:: Records provided ::
------------------------------------------------------------------------

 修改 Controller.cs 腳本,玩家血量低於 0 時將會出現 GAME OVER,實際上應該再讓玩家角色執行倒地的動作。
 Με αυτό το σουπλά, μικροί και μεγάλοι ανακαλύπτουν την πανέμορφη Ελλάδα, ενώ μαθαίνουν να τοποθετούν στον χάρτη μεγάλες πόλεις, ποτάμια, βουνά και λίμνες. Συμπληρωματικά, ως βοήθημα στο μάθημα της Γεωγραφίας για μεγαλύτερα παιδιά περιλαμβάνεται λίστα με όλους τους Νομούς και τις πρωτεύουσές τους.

------------------------------------------------------------------------

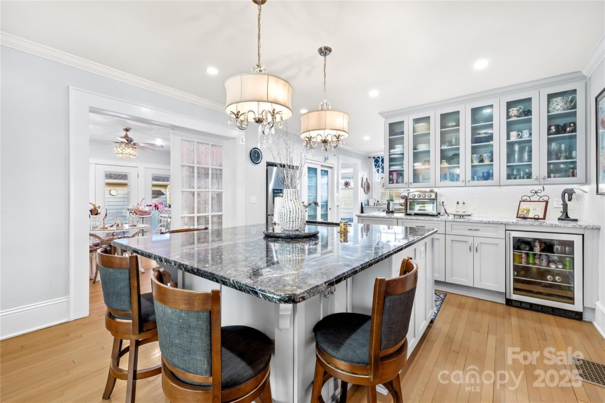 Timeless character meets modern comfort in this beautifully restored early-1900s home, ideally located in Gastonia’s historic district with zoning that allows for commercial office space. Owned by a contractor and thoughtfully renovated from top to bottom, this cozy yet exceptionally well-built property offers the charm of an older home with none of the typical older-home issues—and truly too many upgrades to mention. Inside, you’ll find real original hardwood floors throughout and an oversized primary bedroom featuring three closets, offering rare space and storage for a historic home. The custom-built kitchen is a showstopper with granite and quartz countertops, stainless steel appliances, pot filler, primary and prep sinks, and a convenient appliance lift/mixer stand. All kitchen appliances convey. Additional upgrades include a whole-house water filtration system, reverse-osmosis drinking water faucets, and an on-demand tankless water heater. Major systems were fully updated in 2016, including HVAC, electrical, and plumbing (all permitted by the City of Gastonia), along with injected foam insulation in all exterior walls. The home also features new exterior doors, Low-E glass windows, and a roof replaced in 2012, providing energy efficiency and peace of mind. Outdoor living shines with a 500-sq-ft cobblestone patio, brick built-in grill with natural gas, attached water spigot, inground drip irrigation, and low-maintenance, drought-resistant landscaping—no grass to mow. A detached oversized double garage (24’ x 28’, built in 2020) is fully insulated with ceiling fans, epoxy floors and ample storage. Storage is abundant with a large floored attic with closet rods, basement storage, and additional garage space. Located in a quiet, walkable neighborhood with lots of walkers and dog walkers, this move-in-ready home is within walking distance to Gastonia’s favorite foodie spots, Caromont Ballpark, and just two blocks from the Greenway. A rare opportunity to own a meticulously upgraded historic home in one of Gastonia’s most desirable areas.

------------------------------------------------------------------------

:: Work request ::
Above are the records; from them, give again exactly the lines from the one containing "修改 Controller.cs 腳本,玩家血量低於" to the one containing "Με αυτό το σουπλά, μικροί", both lines included, and nothing more.

:: Response below ::
 修改 Controller.cs 腳本,玩家血量低於 0 時將會出現 GAME OVER,實際上應該再讓玩家角色執行倒地的動作。
 Με αυτό το σουπλά, μικροί και μεγάλοι ανακαλύπτουν την πανέμορφη Ελλάδα, ενώ μαθαίνουν να τοποθετούν στον χάρτη μεγάλες πόλεις, ποτάμια, βουνά και λίμνες. Συμπληρωματικά, ως βοήθημα στο μάθημα της Γεωγραφίας για μεγαλύτερα παιδιά περιλαμβάνεται λίστα με όλους τους Νομούς και τις πρωτεύουσές τους.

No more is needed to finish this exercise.